> **DESCRIPTION OF THE TASK**
All of the data that follows is to be printed exactly, without pictures.

> **DATA BELOW**
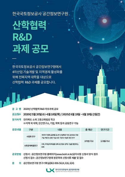 LX공간정보연구원(원장 김현곤)이 10억 원 규모의 ‘산학협력 R&D 자유 과제’를 전북지역 대학을 중심으로 공모한다고 21일 밝혔다.
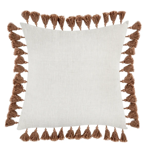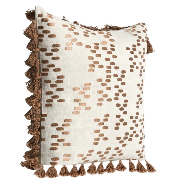 The Hamish pillow features light-brown tassels with metallic embroidery, offering a modern twist on a classic Victorian-era design. The intricate detailing and elegant color palette create a timeless and sophisticated look that will add a touch of luxury to any space. The soft feather blend insert also provides a luxurious supportive feel.
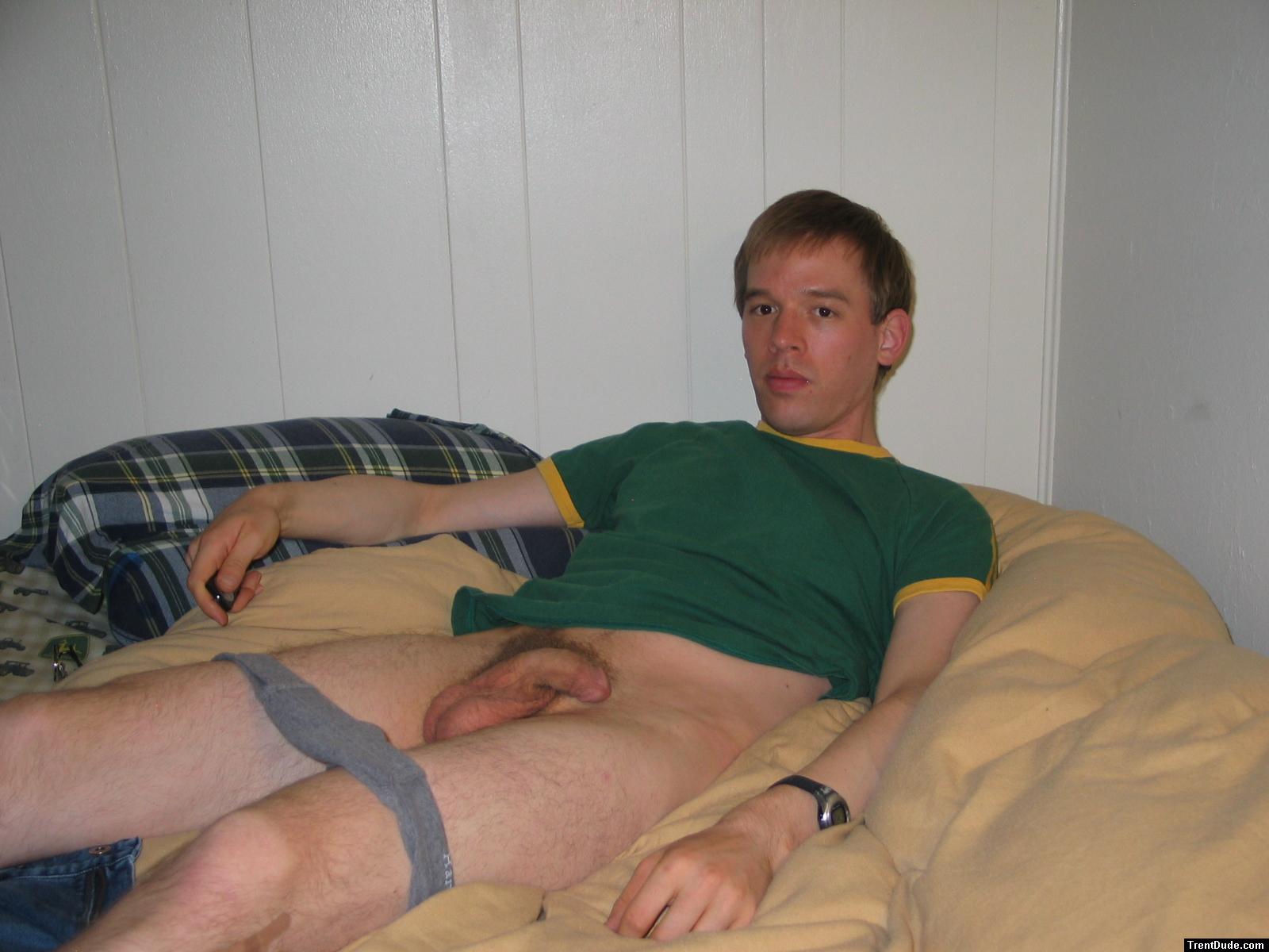 Nude in bed with green shirt

> **OUTPUT BELOW**
 LX공간정보연구원(원장 김현곤)이 10억 원 규모의 ‘산학협력 R&D 자유 과제’를 전북지역 대학을 중심으로 공모한다고 21일 밝혔다.
 The Hamish pillow features light-brown tassels with metallic embroidery, offering a modern twist on a classic Victorian-era design. The intricate detailing and elegant color palette create a timeless and sophisticated look that will add a touch of luxury to any space. The soft feather blend insert also provides a luxurious supportive feel.
 Nude in bed with green shirt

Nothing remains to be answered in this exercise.